False positives in hifenation is a complaint since:
Unless there is a way to selectively disabling a list of terms in the post-reform-compounds.txt (for pt-BR) you need to revert all changes to it since 82083f9
While checking the new code in grammar.xml, I get an exception in one of your rules:
Running pattern rule tests for Portuguese… The Portuguese rule: HIFENIZADOR_VERBOS_1[1] (exception in token [1]), token [1], contains “como|para|casa” that is not marked as regular expression but probably is one.
I did the test after implementing Yakov’s “há n tempo atrás” rule improvement.
@Daniel
If in the past, simple unfitteness could be an acceptable excuse, now it is quite obvious to anyone following this that Marco is intentionally hindering the project.
Sorry to keep pulling you into this, but, I believe there is a need for arbitrage here.
Removing all the two term verbal form compounds isn’t the answer.
We shall see with today’s diff if the purge I did solved the problem.
And the Brazilian guys usually have the second part of the verb before the verb, so I believe my fix will work.
@dnaber@tiagosantos
I am not hindering the project, I just want it to work as good and accurate as possible. There is no point in having tons of rules if they produce tons of false positives.
This is not about what I want.
I have nothing against mass additions to the files. Had you done such work in the past and I might not be here in the first place.

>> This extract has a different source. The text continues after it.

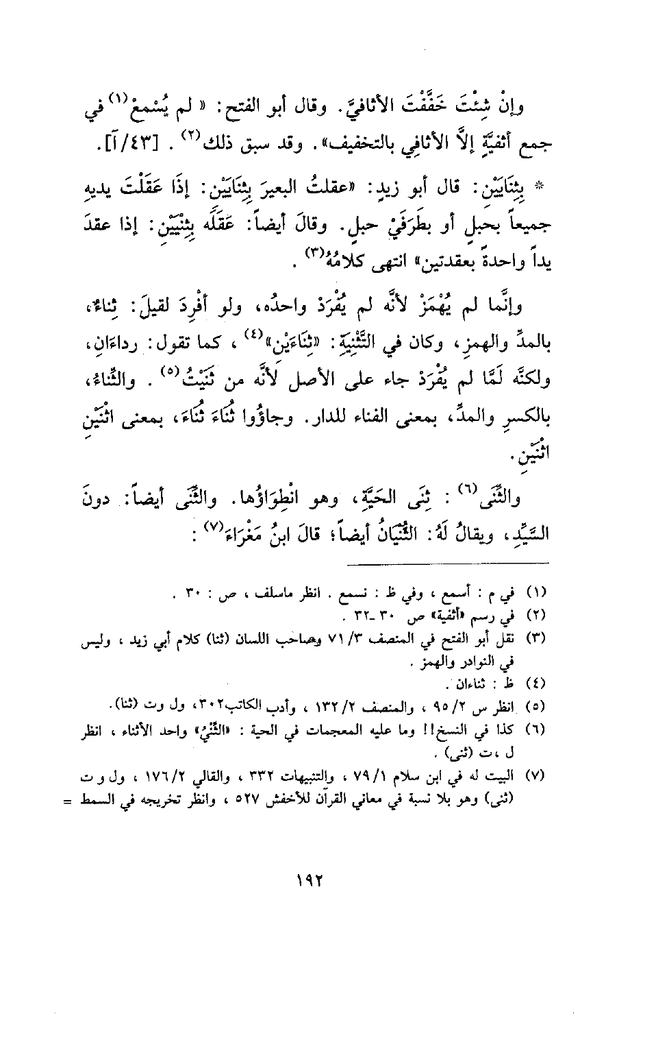وغنما لم يهمز لأنه لم يفرد واحده، ولو أفرد لقيل: ثناء، بالمد والهمز، وكان في التثنية: (ثناءين)، كما تقول: رداءان، ولكنه لما لم يفرد جاء على الأصل لأنه من ثنيت. والثناء، بالكسر والمد، بمعنى الفناء للدار. وجاؤوا ثناء ثناء، بمعنى اثنين اثنين.

But, your solution is not “fixable” because it excludes users of Brazilian Portuguese.
I am from Portugal. Speak portuguese. Brazilian users also have CGooGR and Lightproof, both solutions that I had considered porting from scratch to European Portuguese.
Despite all that, common language assets must be developed accomodating both language variants and Brazilian Portuguese user base is 20 times larger than the one from Portugal.

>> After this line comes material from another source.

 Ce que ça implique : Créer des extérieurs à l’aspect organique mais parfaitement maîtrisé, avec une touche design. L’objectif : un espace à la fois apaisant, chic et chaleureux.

You might have noticed that I created a directory for pt-PT. It is not active yet, but once I figure out how it will be. After that, solutions like yours can become more palatable, if done right.
Please, let me avoid these type of Monty Pythonesque situations again.
That commit is from the 05th November.
If we consider the detections introduced by rule HÁ-ATRÁS, there was 43 hits on the regression test of 5th November. But they don’t change results since they change only suggestions and whitespaces in the pattern.
So… 113 matches that you do not even know from where they come from and you still think it is a good solution having 120k or random words added? It seams to me that it is not reviewable even by you since you can not find the errors it introduces and I believe it is not up to me, to find them, is it?
I told you before, and I reaffirm:
Put your name in the file, if you want to, but revert your changes.
They do not had nothing that is not done in a easier to maintain way, by a rule.
More, if you find any way to compress my rules into a lower number of total rules, please, tell me and I will also do it.
@tiagosantos
Tiago, I am very stressed and can’t think properly right now.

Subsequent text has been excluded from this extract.